Jim Cullen, Review of John Marsh’s Class Dismissed: Why We Can’t Teach or Learn Our Way out of Inequality (Monthly Review Press, 2011)

SOURCE: Special to HNN (9-4-11)

[Jim Cullen, who teaches at the Ethical Culture Fieldston School in New York, is a book review editor at HNN. He is the author of The American Dream: A Short History of an Idea that Shaped a Nation (Oxford, 2003), among other books. He is also the author of the recently published Kindle Single e-book President Hanks. Cullen blogs at American History Now.]

In general, college professors are not particularly well-regarded as political analysts (the noun “academic” is a term of unvarnished contempt in precincts like FOX news). But there is a special circle of irrelevance reserved for English professors, who are not typically known for their quantitative acumen — or, for that matter, their ability to write in a language the rest of us understand. So it was with some trepidation that I picked up this book by John Marsh, who teaches at the University of Illinois at Champagne-Urbana. Amazingly, I encountered a work of deft econometrics. Even more amazing, it’s clear, lively, and realistic.
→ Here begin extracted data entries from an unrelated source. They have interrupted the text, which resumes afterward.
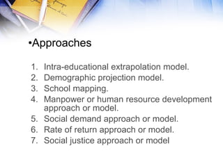 5. The social demand approach which aims to fulfill educational needs at all levels based on societal demands.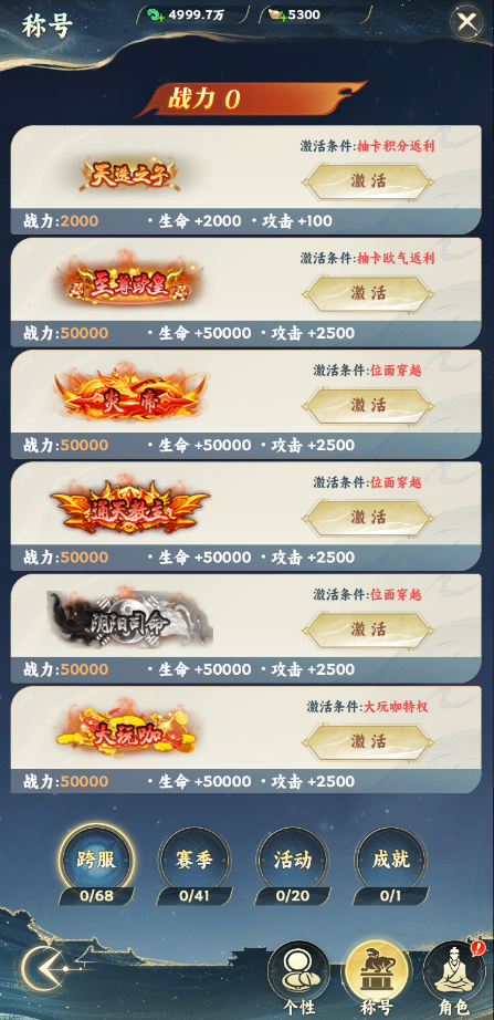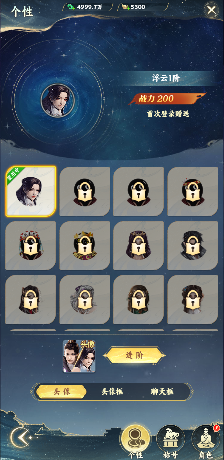 個(gè)性分為頭像,頭像框,聊天框,玩家激活后會獲得屬性,提升戰(zhàn)力,佩戴中的頭像,頭像框,聊天框可以在聊天界面中看到,主界面也能看到自己的頭像和頭像框。頭像,頭像框,聊天框可以進(jìn)階,消耗道具進(jìn)階可以獲得屬性,提升戰(zhàn)力。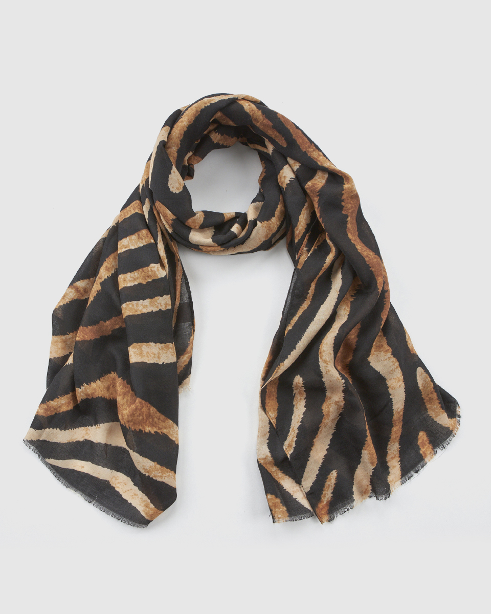 Μια δυναμική και μοντέρνα εσάρπα με tiger print σε αποχρώσεις του μαύρου, καφέ και μπεζ. Η ανάλαφρη υφή της και οι φυσικές γραμμές του σχεδίου προσδίδουν ένταση χωρίς υπερβολές, ενώ η φαρδιά της διάσταση την καθιστά ιδανική για εντυπωσιακά δεσίματα ή ριχτές εμφανίσεις.

What might seem most amazing of all is that Marsh makes an argument which, particularly coming from this first-generation college-educated son and grandson of steelworkers, is deeply counter-intuitive. Which is that as weapon against poverty, education is overrated. As he demonstrates at the outset, this article of faith has become so canonical on the Left no less than the Right that it has crowded out every alternative way of thinking about addressing an inequality problem in the United States that is now widely acknowledged, even accepted. That doesn’t stop Marsh from concisely documenting it, with great care in grappling with counter-evidence as well as counter-arguments.

What becomes increasingly evident is that Marsh isn’t so much denying what everyone else is seeing, but rather calling attention to what they don’t (or won’t): that in terms of social reform, better schools are better seen a result, not a means, of upward mobility. It’s as if we as a society agree that poverty, like cancer, is terrible disease. But it must be fought by solely by prevention, with no effort to actually try and treat, much less cure, those who already afflicted with it. Yes: education can make a steelworker’s son an English professor. But there are only so many English professors a society can absorb (and that number is shrinking all the time). This is a fact that’s so obvious it simply gets ignored. So it is that Marsh quotes the liberal darling Tom Friedman flatly stating that “There are barely any jobs left for someone with only a high school diploma.”…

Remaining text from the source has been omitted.